What if, when a phone moved between countries, the SIM card automatically changed itself? Toronto-based startup KnowRoaming has the solution

It's a grim scene, international roaming. When a cross-border flight lands, you can tell who on the plane lives in the country you've arrived in, because they're the ones who take out their phones immediately. Unless, of course, someone on board has figured out a clever workaround.

Most of us face unpleasant choices when using our phones abroad. You can pay your carrier's high rates for a roaming package, which typically offers ridiculously low data caps in exchange for a gut-punch on your monthly bill.

The alternate solution is better and cheaper, but it's a hassle: You can buy a cheap SIM card in your destination country that essentially makes your phone into a local phone, paying local rates on a short-term contract. (SIM cards are tiny chips that give a phone its identity, tying it to your phone number, and your cell-phone carrier.)

But what a pain: You have to go to a store, buy the chip, sign paperwork to become a customer of this new network, and fiddle with the inside of your phone – and get a whole new phone number.

Enter KnowRoaming, a Toronto startup that's promising cheaper roaming without the chip-swapping hassle. Its basic premise: What if, when a phone moved between countries, the SIM card automatically changed itself?
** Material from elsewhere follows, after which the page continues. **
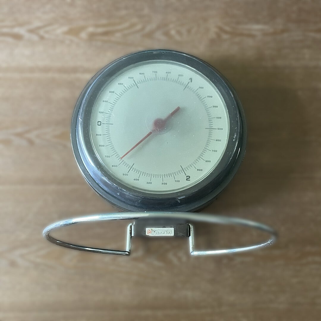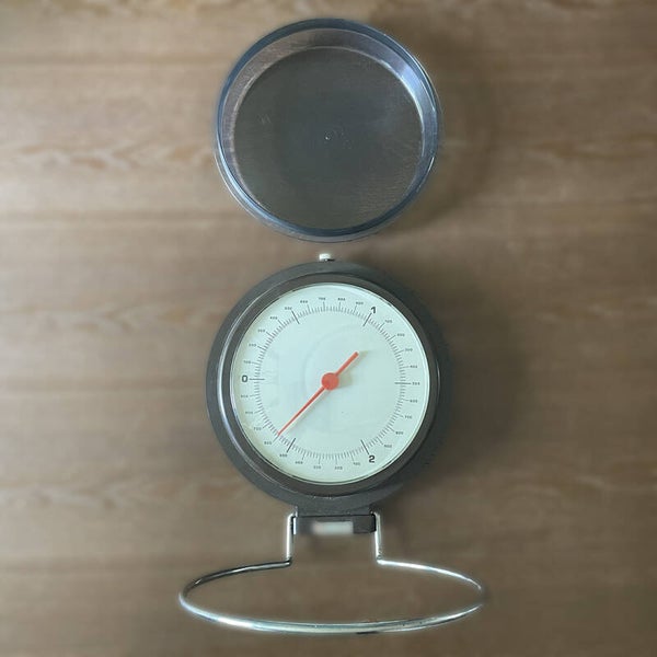 This 1970's vintage functional scale is compact and easy to use. The scale dish can be taken off the holder for easy washing. It all folds up nicely to keep out of the way when not is use.

"Our model was to create a roaming solution that emulates traditional roaming," says Greg Gundelfinger, KnowRoaming's CEO. The service acts like a roaming service to the user, including forwarding on all incoming calls made to their usual number. But behind the scenes, KnowRoaming is performing a fancy dance of SIM-card swapping.

To make this work, KnowRoaming applies a tiny, two-hair thick electronic sticker onto your existing SIM card. (It comes with an applicator to facilitate the process.) When you're in your home country, the sticker is dormant. But when it detects that you've moved into a new country, it comes to life and interposes itself, effectively becoming a new SIM card.
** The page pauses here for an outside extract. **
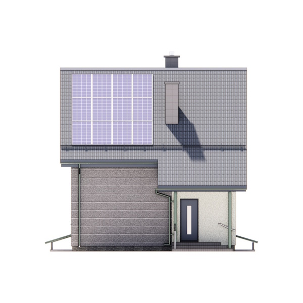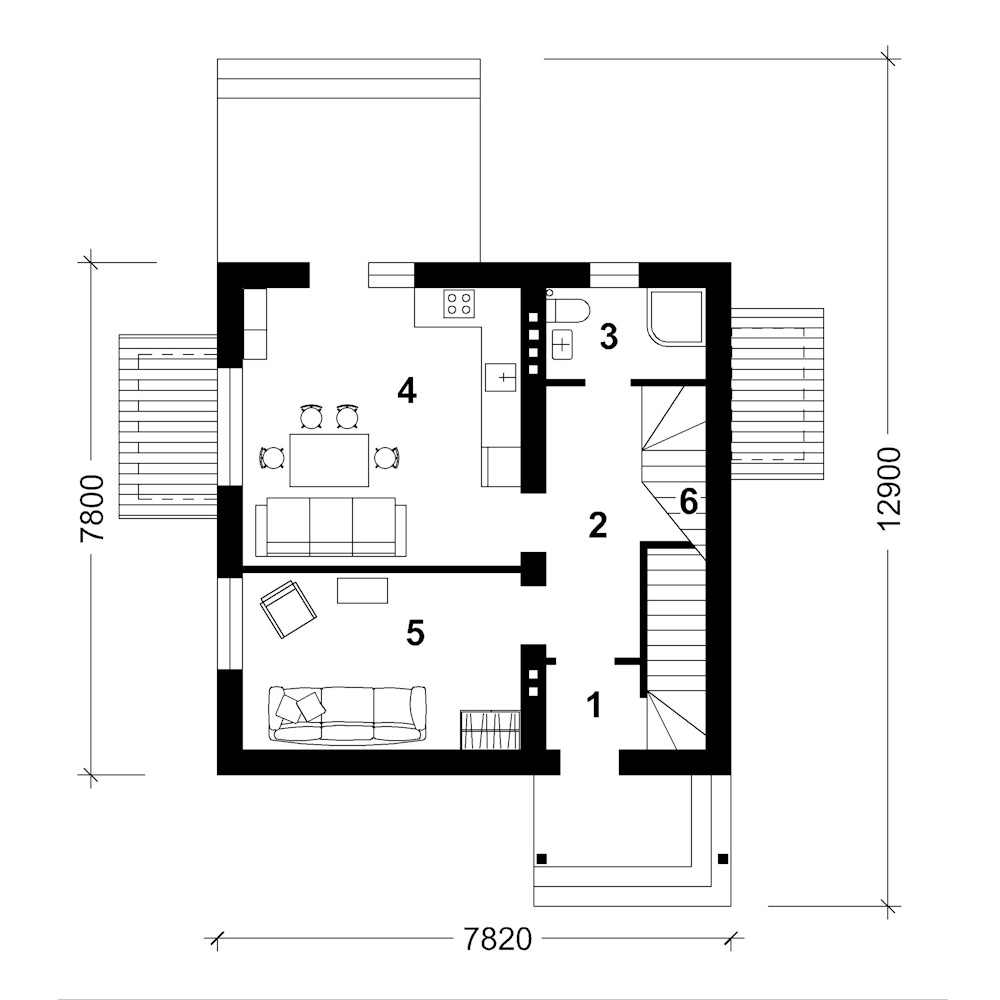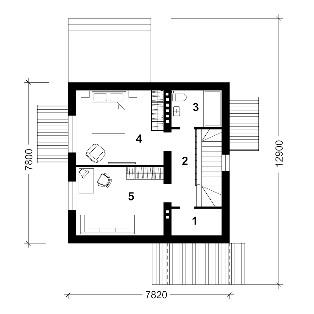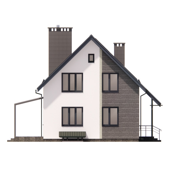 З тамбура запроектовані сходи у підвал. На першому поверсі знаходиться спальня, за нею — кухня-столовая. Через стіну, поруч з кухнею знаходиться санвузол. Санвузол другого поверху знаходиться над санвузлом першого. Таке рішення дозволило звести вентканали з кухні і санвузлів в одну трубу. На другому поверсі дві спальні, комора і санвузол. Будинок накритий двосхилим дахом.

"When the customer starts to travel, they'll switch over automatically to our network, and still receive all their incoming calls from their Rogers, Bell or TELUS SIM cards," says Gundelfinger. (KnowRoaming uses a call-forwarding setup to connect them.)

To provide the signal, KnowRoaming has struck deals with about 200 networks around the world – companies that effectively wholesale connectivity on behalf of the local mainstream carriers. Rates on these local networks vary, but Gundelfinger says users will save 70 to 85 per cent compared to roaming rates through he carriers. To pay, users download an app, which they can use to deposit funds and check rates in different areas.
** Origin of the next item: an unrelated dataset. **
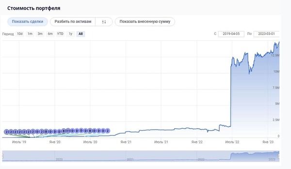 | Стоимость портфеля | Диаграмма изменения общей стоимости и суммарной, с количеством совершенных сделок и датами выплаты дивидендов |

The Toronto-based firm has been working in secret for two years – its sticker technology is entirely custom-built – and only announced itself when it needed to move from a small private beta to a large-scale one. The first 500 of 3,500 beta kits were set to ship this month; the remainder will be out by February, and a public commercial launch will hopefully follow soon.

The launch was helped along by a Kickstarter campaign – Gundelfinger gave the firm 45 days to sell the 3,500 kits. In the event, they sold out in 72 hours. Interest in making international communication more bearable can only roam upwards.